Una grossa eredità che nasconde un segreto. Quella del suo romanzo è una trama classica, ma lei la complica mettendo in gioco molti punti di vista e narratori inaffidabili. Perché?
«La struttura è complessa, ma contrariamente a ciò che ci si aspetta da un’autrice di gialli, non è ciò da cui sono partita. Per me tutto nasce da un’immagine. Ero a Nizza in vacanza con la mia famiglia; pranzavamo in uno stabilimento balneare quando ho visto una giovane donna con i suoi figli aggirare lo sguardo del personale per andare a lavarsi di nascosto nelle docce del club. C’era un’inquietudine particolare in lei che mi ha attratto. Ho immaginato che si chiamasse Lucy, che suonasse il violino nelle strade della città per i passanti.

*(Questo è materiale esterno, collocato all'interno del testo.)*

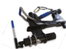
Wind Tower Alignment Tool
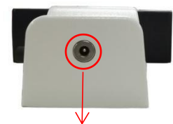
DC power adapter port

Poi l’ho vista bambina, a Londra, scappare nel mezzo della notte da una grande casa scura. Poi sì, ho dovuto riempire i buchi della trama: avevo bisogno di qualcuno che indagasse sul mistero».
Il classico investigatore dei gialli.
«Non mi piace usare gli investigatori, non lo faccio quasi mai perché non so davvero come lavorano e non voglio procedere a tentoni. Così ho inventato Libby, questa millennial che vuole scoprire da quale mondo proviene, cosa nasconde la sua nascita. Poi mi serviva un testimone, ed ecco spuntare Henry».

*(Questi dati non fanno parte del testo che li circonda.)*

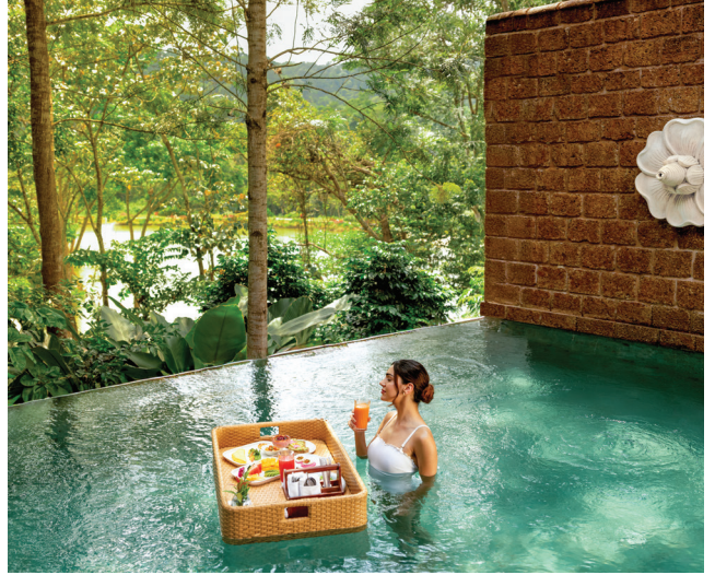
Forestlight Luxury Villas

È lui a svelare che i genitori, altoborghesi e benestanti, hanno finito per creare una comune nella villa di Chelsea. Le cose non sono finite affatto bene.

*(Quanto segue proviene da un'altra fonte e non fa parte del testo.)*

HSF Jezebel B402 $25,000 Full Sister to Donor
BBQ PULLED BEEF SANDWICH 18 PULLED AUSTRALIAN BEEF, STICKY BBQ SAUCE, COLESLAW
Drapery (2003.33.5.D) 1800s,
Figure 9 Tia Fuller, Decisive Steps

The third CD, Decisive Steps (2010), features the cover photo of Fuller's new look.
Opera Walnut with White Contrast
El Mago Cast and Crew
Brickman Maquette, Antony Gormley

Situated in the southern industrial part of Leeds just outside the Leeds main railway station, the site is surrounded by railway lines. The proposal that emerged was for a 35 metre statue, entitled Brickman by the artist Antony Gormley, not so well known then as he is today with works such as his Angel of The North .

«Qualche anno fa i giornali scrissero di un tizio che negli anni Sessanta a Londra era diventato il guru di una sorta di pseudo religione orientale. A un certo punto scomparve, non se ne seppe più nulla. Si è scoperto che insieme ad alcuni dei suoi fedelissimi, uomini, donne e bambini si era auto segregato in una casa di Londra, senza avere praticamente nessun contatto con l’esterno per quarant’anni.
Non è un caso che questo tipo di storia, che spesso finisce in tragedia, sia diventata un topos letterario e cinematografico. Il fatto che questi piccoli, buffi ometti possano acquisire così tanta influenza sugli altri da costringerli a far loro da schiavi, a sacrificare la loro vita, ha qualcosa di estremamente affascinante per uno scrittore».
Gli unici che paiono immuni alla manipolazione sono i bambini, i veri eroi della storia.
«Il rapporto di fiducia del bambino nei confronti dell’adulto che dovrebbe amarlo e proteggerlo si spezza quando capisce che quell’adulto ha delegato tutto il suo potere a qualcun altro. Ho letto più di un memoir di uomini e donne cresciuti all’interno di una setta: la precoce consapevolezza di doversi salvare da soli è un elemento costante».
Per mettersi in salvo talvolta si compiono azioni non esemplari.
«Non giudico mai i miei personaggi, lascio loro il beneficio del dubbio. Da lettrice, è un tratto che apprezzo molto nei mistery».
A proposito di mistery. Si sente erede della grande tradizione inglese?
«Non saprei. Non sono andata all’università, non ho avuto un’educazione letteraria. Quando ero bambina a casa mia non c’erano libri; per leggere si andava alla biblioteca di quartiere. Lì ho scoperto Il giardino segreto, le Cronache di Narnia , poi Agatha Christie. L’ho letta tutta, quando ero ragazzina: la divisione tra le classi sociali, il suo modo di tratteggiare i personaggi di sicuro hanno avuto un’influenza su di me. Del resto, non penso che uno scrittore inglese possa sfuggire al nostro modo di vivere la comunità e i suoi contrasti. Qui è tutto alla luce del sole come ai tempi di Miss Marple e Poirot: la vita dei privilegiati e quella di chi non lo è».
Ai suoi romanzi, che sono gialli senza sangue, si applica spesso l’etichetta "thriller psicologico". Il genere è molto popolare di questi tempi. Si è chiesta perché?
«La vita di molti di noi è tutto sommato quieta e pacifica; il thriller psicologico ci permette di mettere in scena in modo vicario e dunque innocuo il worst case , lo scenario peggiore possibile, l’incubo che questa nostra sicurezza sia improvvisamente minacciata. La trama del libro ci porta nella crisi ma ci fa anche trovare la soluzione prima della parola fine: il mistero sarà risolto, il colpevole sarà punito, tutte le domande troveranno una risposta. Cosa c’è di meglio per una società ossessionata dal controllo?».